Case Water Budget Drawdown Proposal Tribal Proposal
Energy Impacts

(average megawatts)

+500 -1,300 -3,000
Capacity Impacts

(megawatts)

+800 -2,700 -5,200

The issue for this draft power plan is whether these potential hydropower changes would lead to different resource choices. In general, the answer is no. The availability of additional market purchases in the near term, plus relatively short lead time resources like combined-cycle combustion turbines mean the region could adapt to further losses of hydroelectric capacity, albeit at a cost. Losses on the order of either the Drawdown Proposal or the Tribal Proposal scenarios would require lead time to build replacement resources or increase transmission capability to maintain reliable service.
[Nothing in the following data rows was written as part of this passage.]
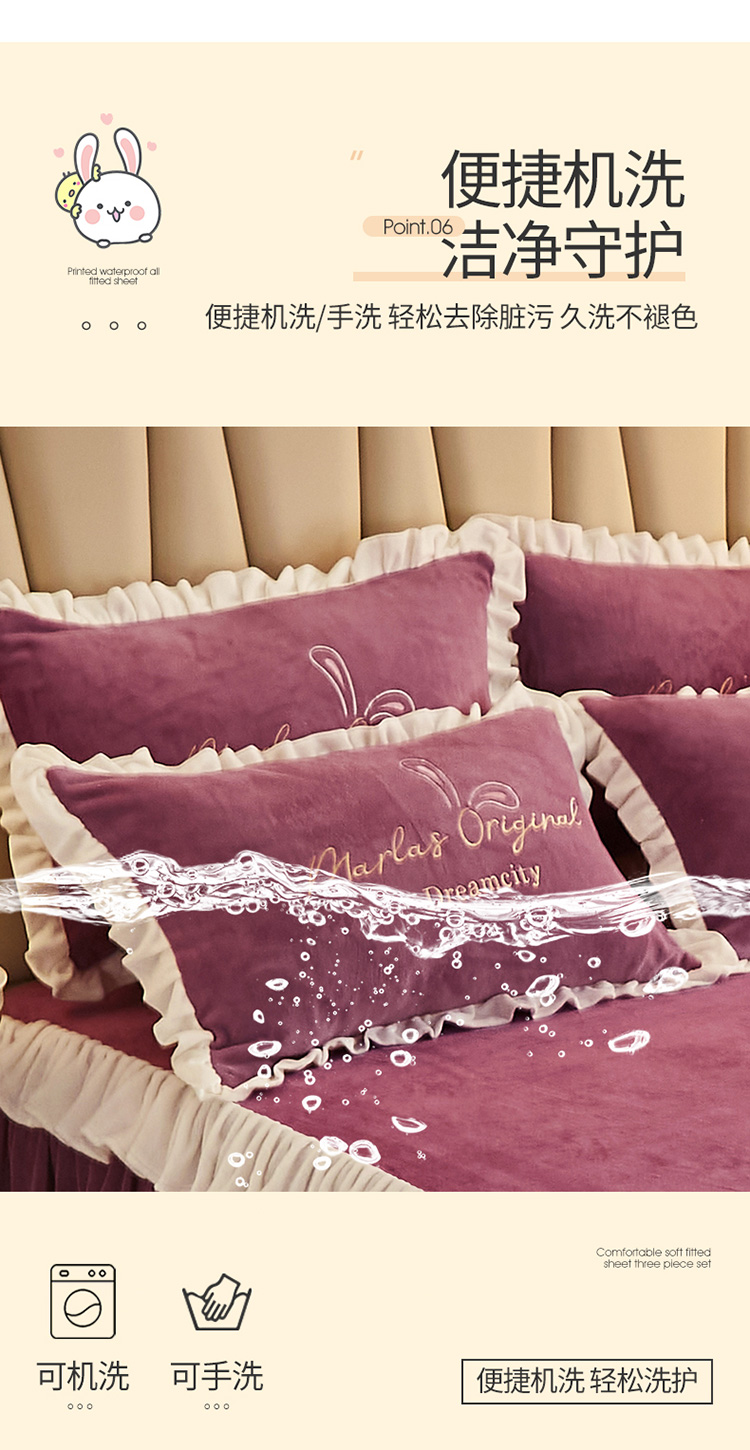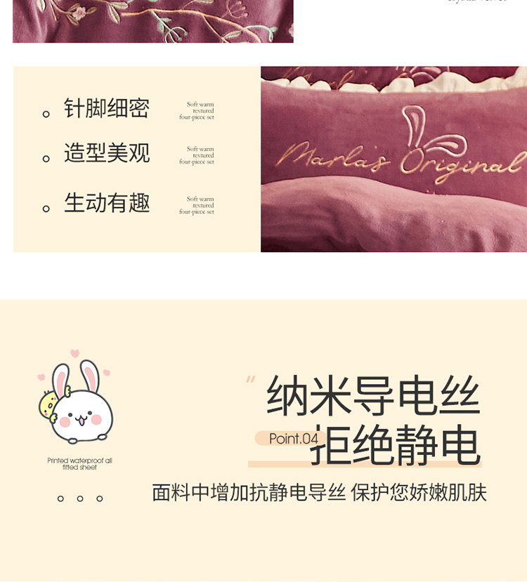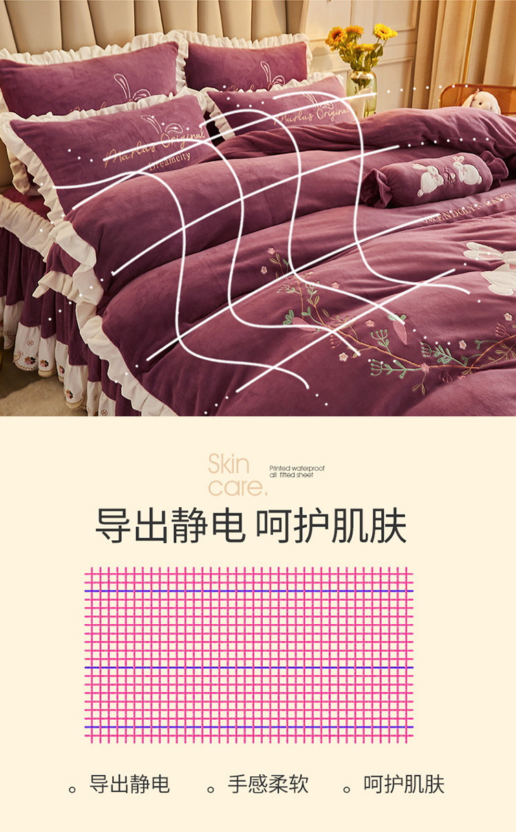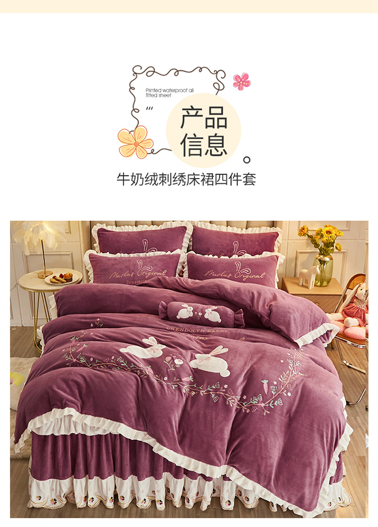 商品名称:宜凡 2021新款牛奶绒绣花兔床裙四件套 萌萌兔-烟紫
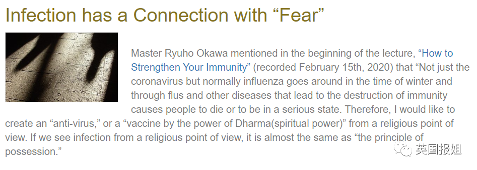 日本一个宗教最近也搞起了这一套,完全是拙劣的“名场面复刻”现场。他们是这么宣传的:我们面对新冠疫情也不要害怕,只要精神力足够强大,就能打败病毒!
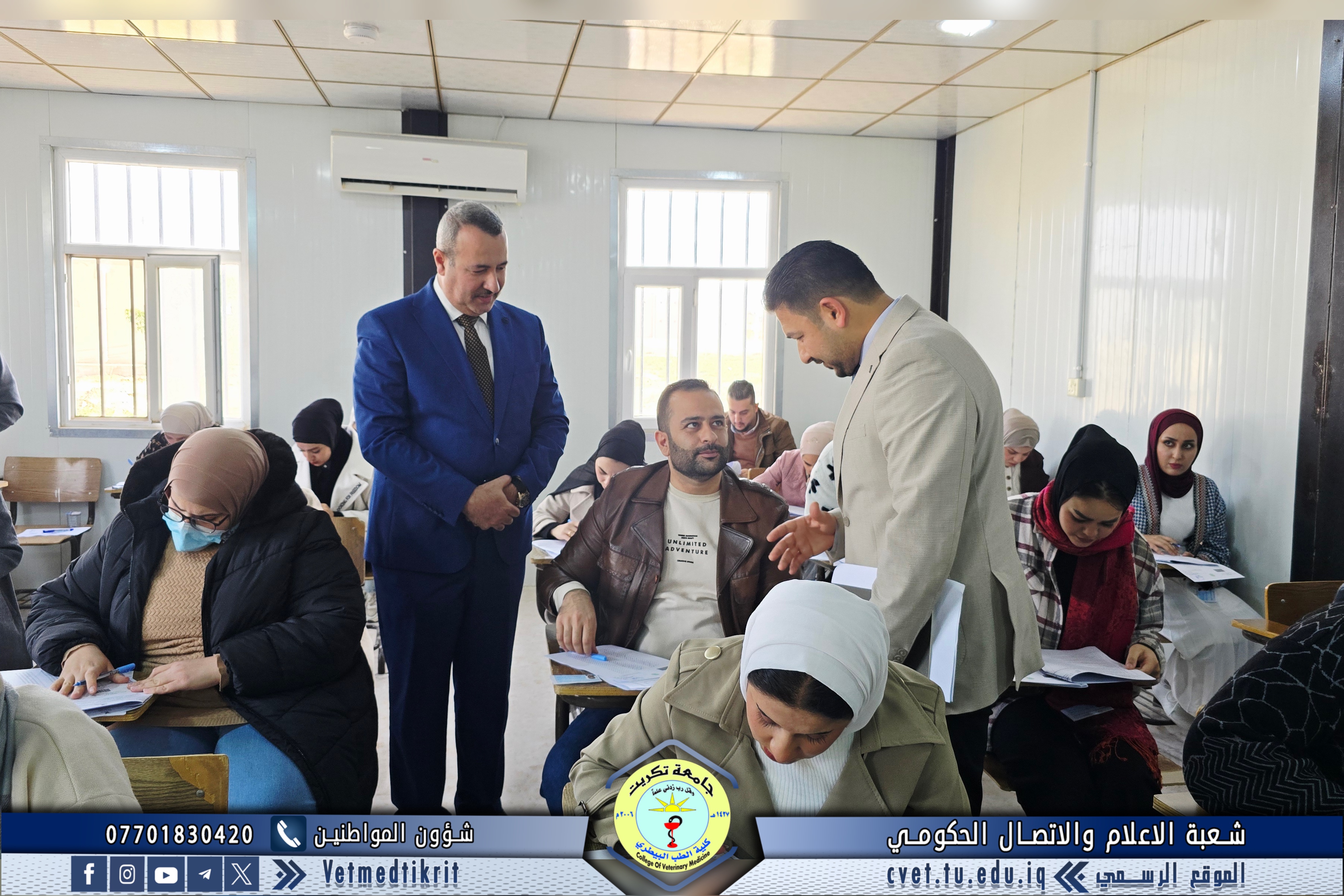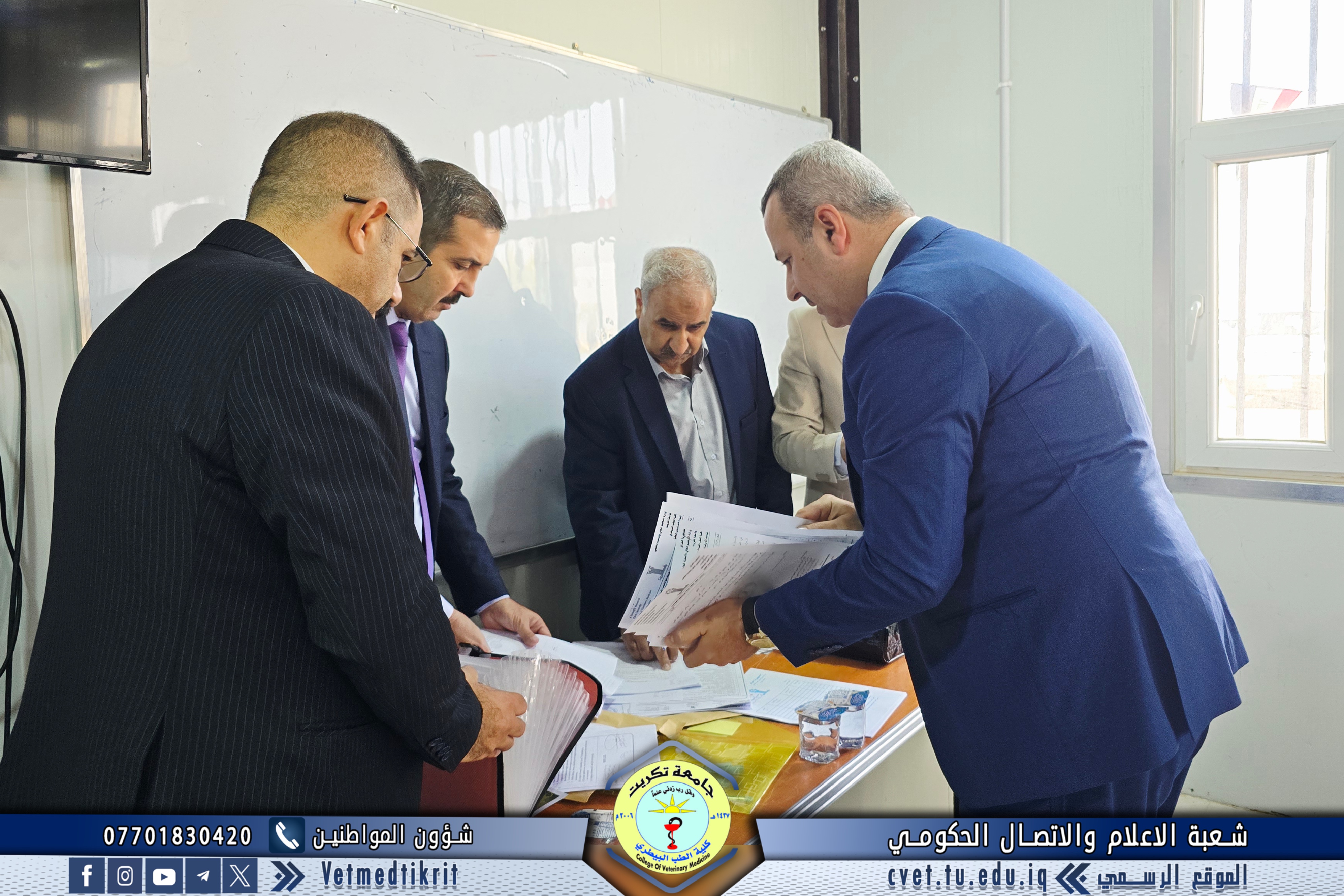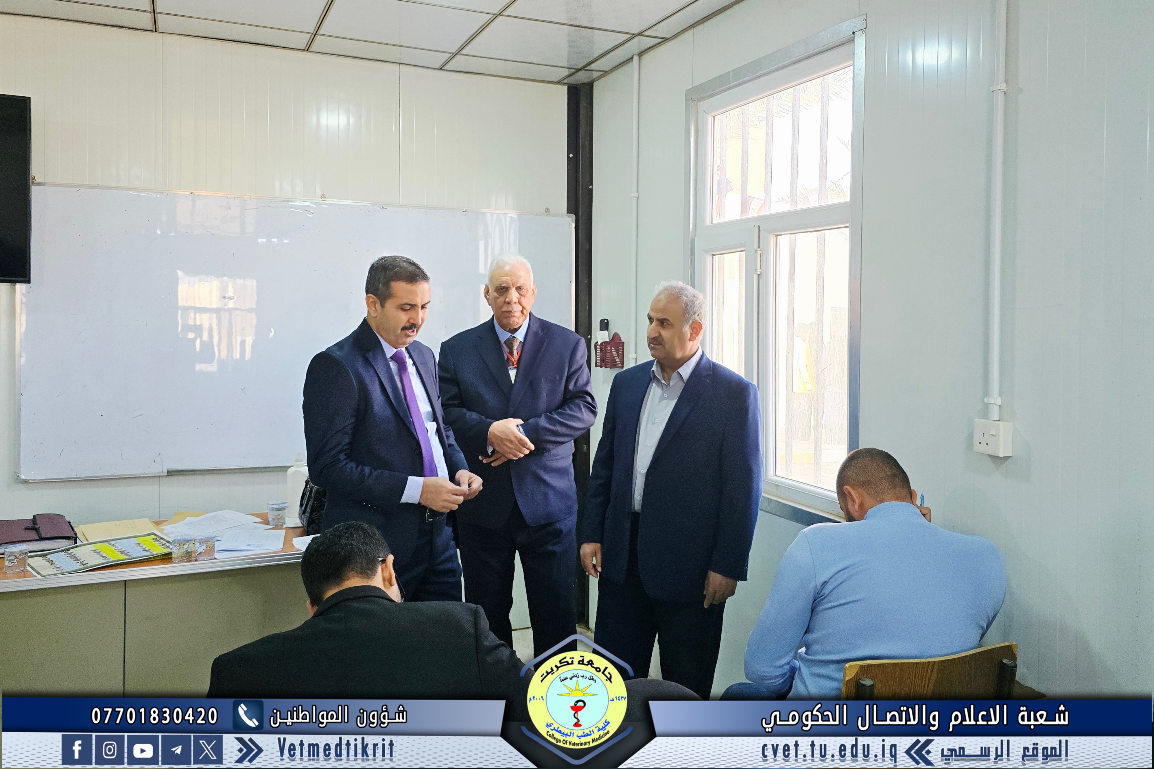 A university committee from the Presidency of the University of Tikrit visited the College of Veterinary Medicine to follow up on the progress of the final examinations for the first semester of the academic year 2025–2026. This visit comes as part of the university’s commitment to ensuring the smooth conduct of the examination process and adherence to approved regulations and instructions.

Replacement resources, for example, require from two to five years to bring into service. If needed, intertie expansions might require additional lead time because of the controversy that often accompanies the construction of new, or expansion of existing, transmission lines. On the other hand, were hydroelectric system restrictions to be eased, thus increasing hydroelectric capability, the region would generally be able to reduce more expensive short-term purchases from the Western market.